YOUR OBJECTIVE: The copy you return should hold only the lines from the top of the data below through the line with "ch change |", each duplicated exactly and with no pictures.

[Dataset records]
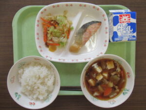 本日は奥多摩中学校2年生が考えてくれたメニューです。これぞ和食!な献立でした。主食(ごはん)、主菜(鮭の西京焼き)、副菜(キャベツと人参のお浸し)、汁物(奥多摩汁)がそろったバランスの良い一食になりました。
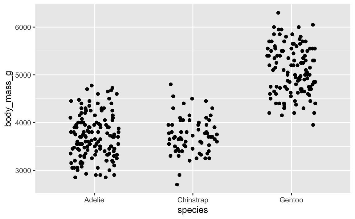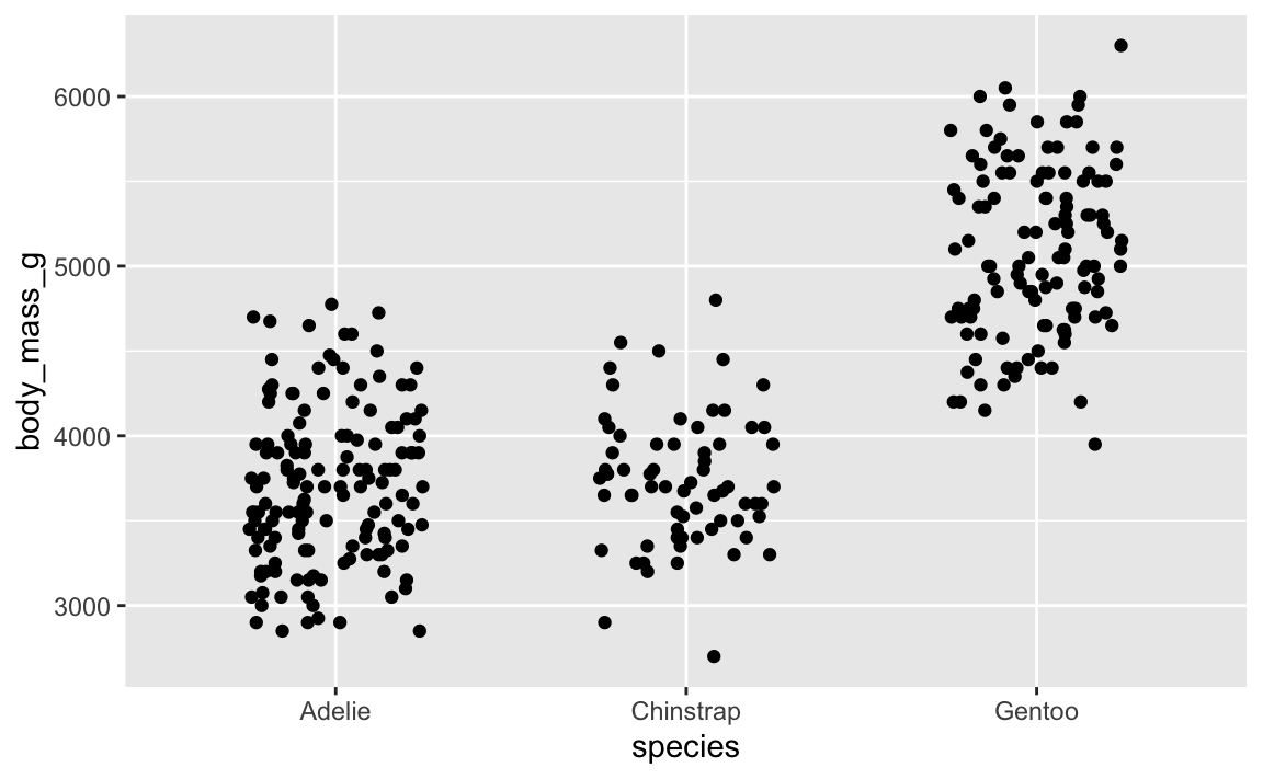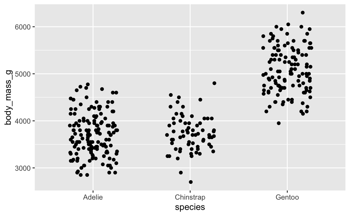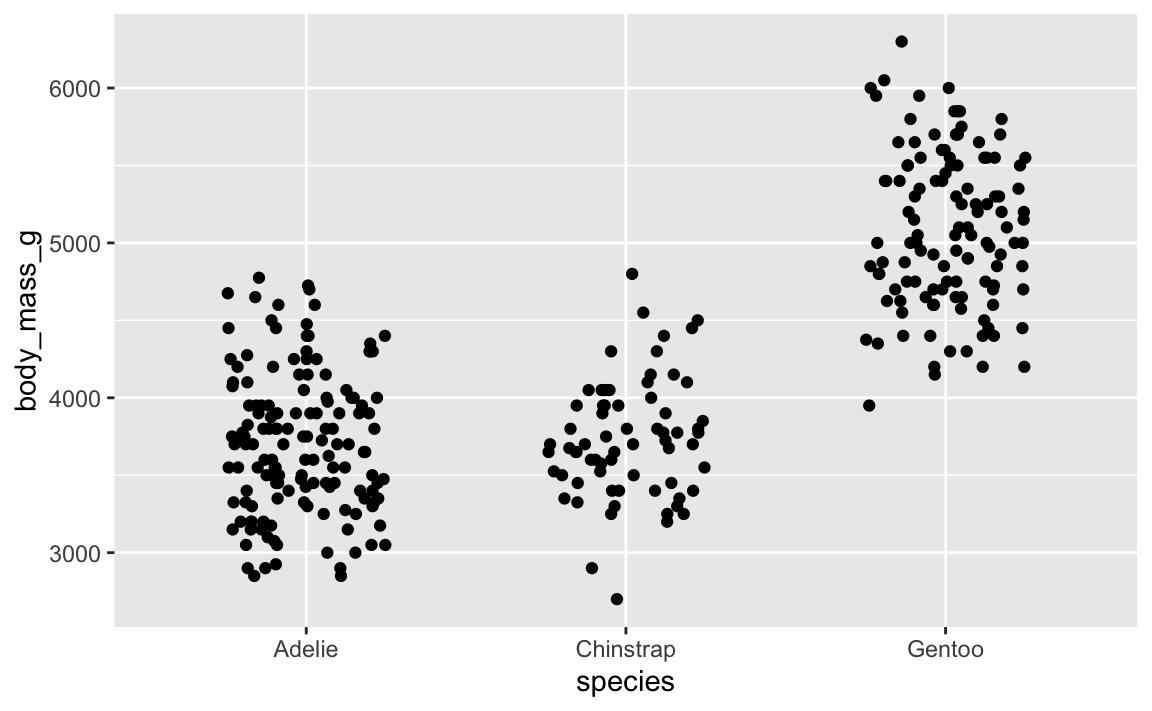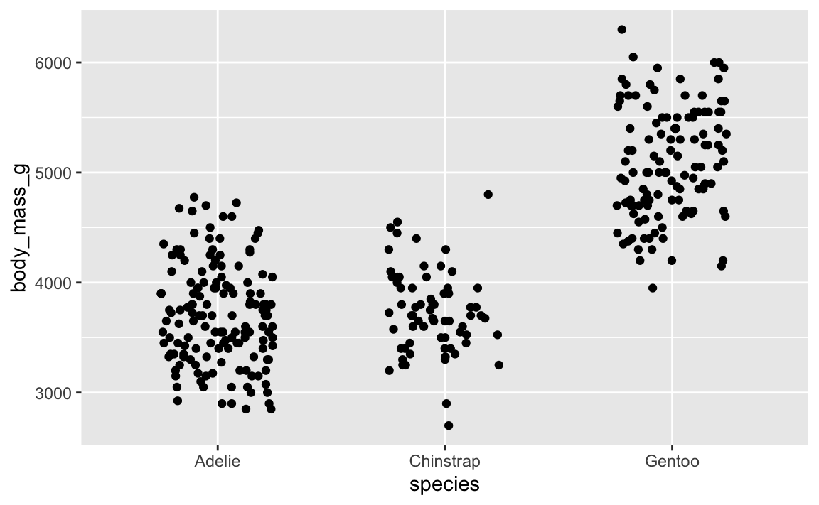 penguins <- palmerpenguins::penguins |>drop_na(sex)ggplot(penguins, aes(x = species, y = body_mass_g)) +# height = 0 makes it so points don't jitter up and downgeom_point(position =position_jitter(width =0.25, height =0))
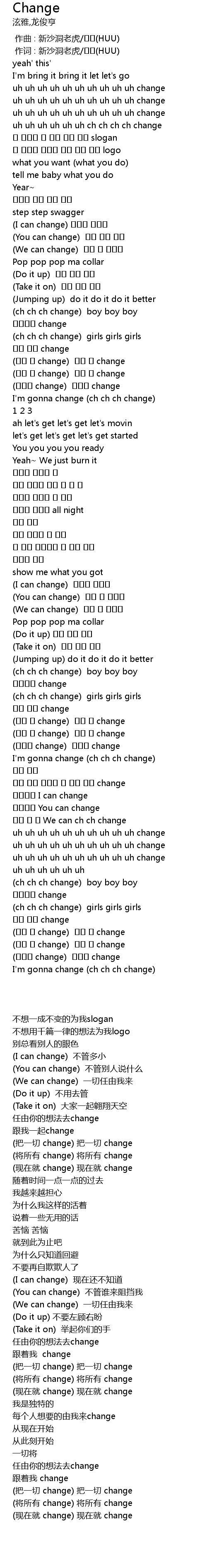 | [00:30.380] | uh uh uh uh uh uh ch ch ch ch change |
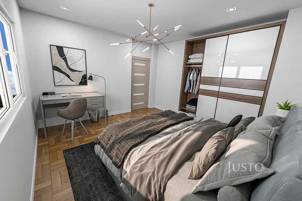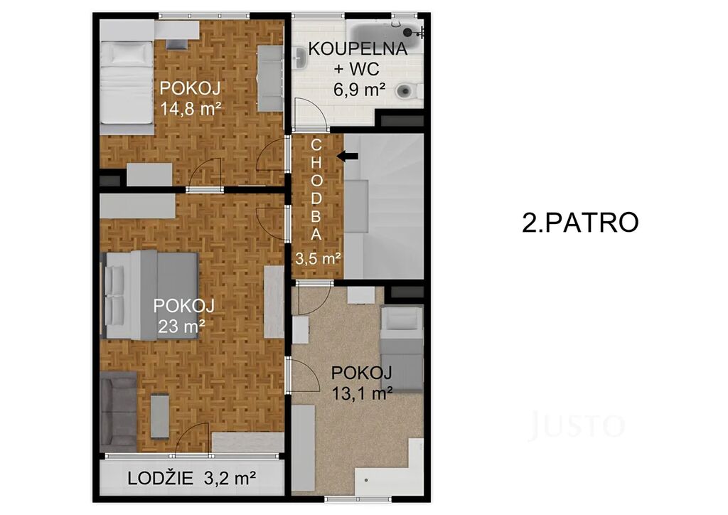 2. patro: obývací pokoj, dva pokoje, koupelna se sprchovým koutem, balkon do ulice, 59,1 m²
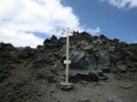 Für den Rückweg wählen wir die Piste, welche die Geländebusse zurück zur Talstation nehmen. Die Piste hat deutlich weniger Gefälle und ist einfacher zu gehen. Am Wegesrand steht ein Denkmal für Antonio Spina, der in den 1960er Jahren in C.A.I. Catania (Alpenverein Italien) aktiv war. Ein Schlenker am Ende führt uns an den Silvestri-Kratern vorbei.
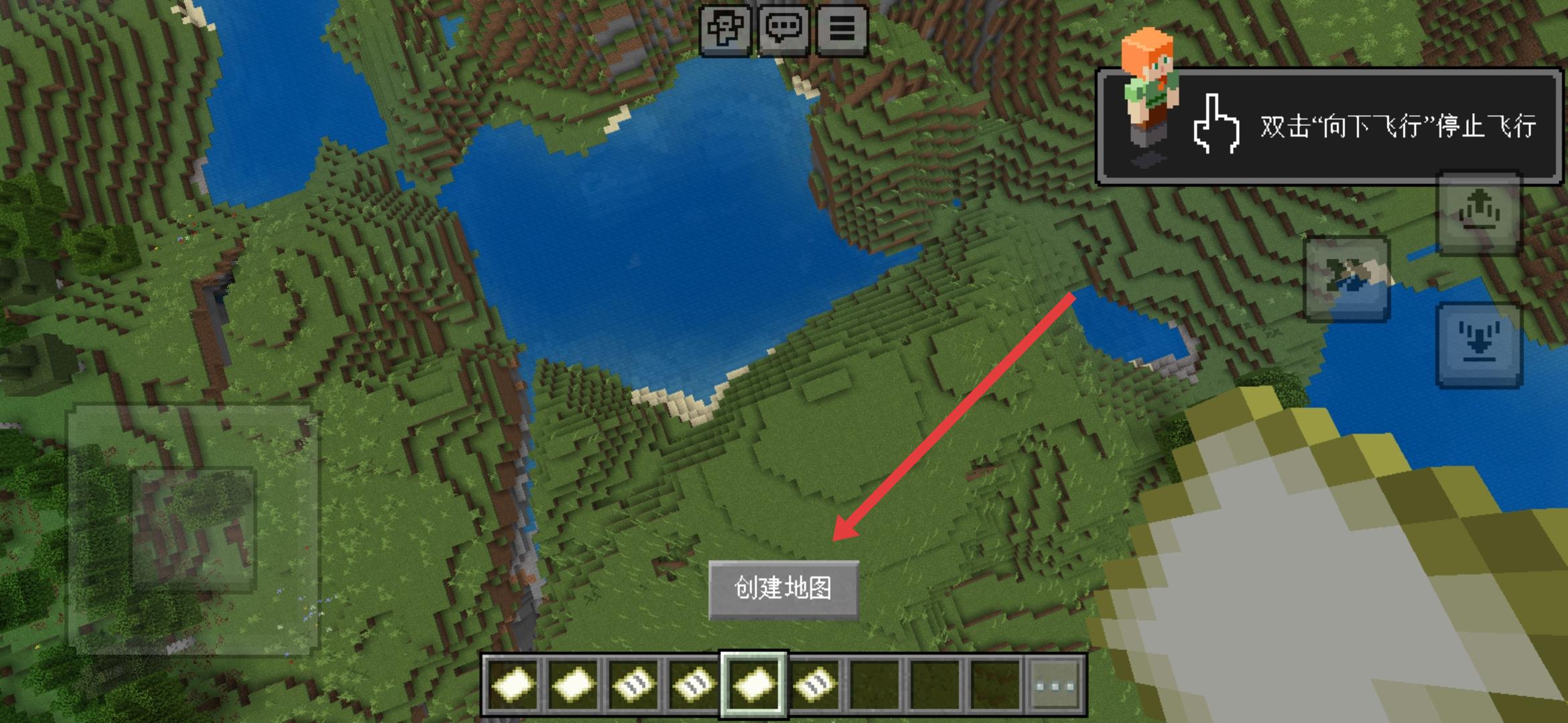 2、将合成的空白地图拿在手中,点击界面的创建地图或右键使用,激活地图的地形记录功能。
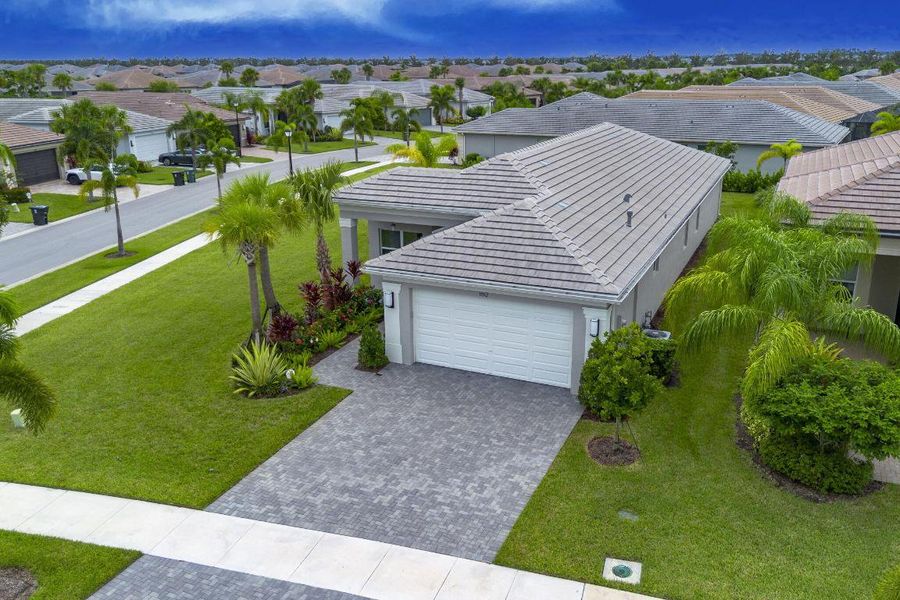 Beautiful ''Sierra'' model in Valencia Grove at Riverland! This 3 bed, 2 bath home includes a flex room perfect for a den or office. Situated on a corner lot with extra green space and a partial lake view. Located in a premier 55+ active community offering resort-style amenities: onsite café/bar, resort pool, card rooms, sports lounge, grand social hall, and an incredible sports center with tennis, pickleball, bocce, and a state-of-the-art arts & culture center. Interior features include dark wood cabinets, granite countertops, 18'' tile throughout, and all impact windows and doors. The primary suite offers dual vanities, large walk-in closet, and walk-in shower. Close to dining, shopping, golf, I-95, and Cleveland Clinic.

WRITTEN ANSWER:
 本日は奥多摩中学校2年生が考えてくれたメニューです。これぞ和食!な献立でした。主食(ごはん)、主菜(鮭の西京焼き)、副菜(キャベツと人参のお浸し)、汁物(奥多摩汁)がそろったバランスの良い一食になりました。
 penguins <- palmerpenguins::penguins |>drop_na(sex)ggplot(penguins, aes(x = species, y = body_mass_g)) +# height = 0 makes it so points don't jitter up and downgeom_point(position =position_jitter(width =0.25, height =0))
 | [00:30.380] | uh uh uh uh uh uh ch ch ch ch change |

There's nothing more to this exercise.